Why is it important to comply with the fire safety regulations?

Every workplace faces the risk that a fire may break out, especially facilities that handle flammable or hazardous materials. Ensuring that the workplace is properly equipped to detect a fire and has adequate evacuation routes is essential to prevent devastating injuries or death if there is a fire.

Employers who fail to provide adequate fire safety protection may be subject to OSHA’s civil fines and criminal penalties pursuant to the fire safety standard.

Important fire safety provisions

OSHA’s primary standards for workplace fire safety are contained in 29 CFR 1910 Subparts E and L. Subpart E provides requirements for exit routes, emergency action plans, and fire prevention plans. Subpart L details the workplace fire protection requirements for fire extinguishers, sprinklers, and alarm systems.

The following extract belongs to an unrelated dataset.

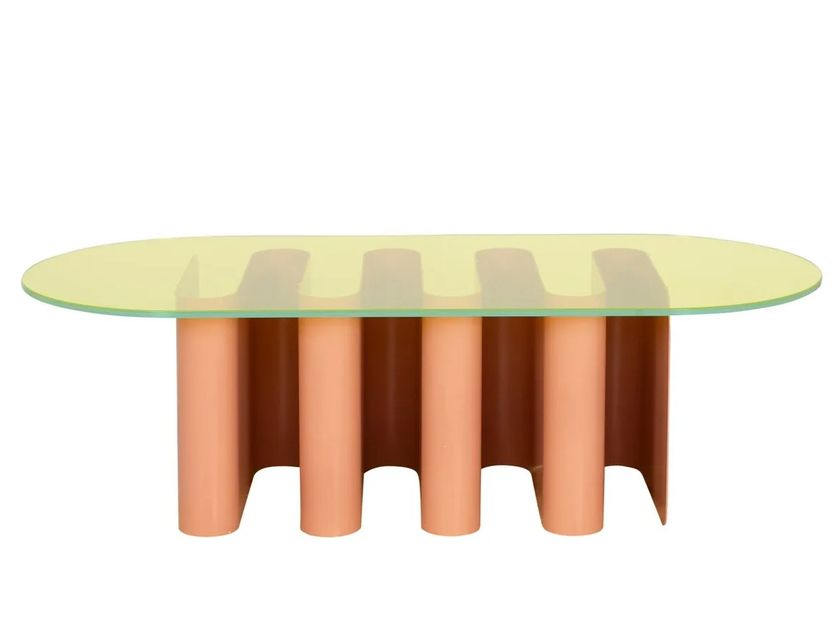 Oval glass and aluminium coffee table

OSHA’s fire safety provisions can be summarized as 1) Fire Extinguishers ; 2) Emergency Exits; 3) Alarms and 4) Emergency Action and Fire Prevention Plans.

Fire Extinguishers:

Although not all workplaces are required to maintain fire extinguishers, employers must ensure that any fire extinguishers on-site are appropriate for the fire hazards that are present in the building. Employees that are expected to use this equipment must be trained on how to properly operate it. OSHA also requires employers to regularly inspect the fire extinguishers to ensure the equipment is in safe working condition.

Emergency Exits:

OSHA requires every workplace to have enough exits (at least two means of escape) that are suitable enough to allow everyone in the building to exit quickly. These exit routes must be free of obstructions and clearly marked with exit signs. In addition, the OSH Act prohibits blocking or locking fire doors.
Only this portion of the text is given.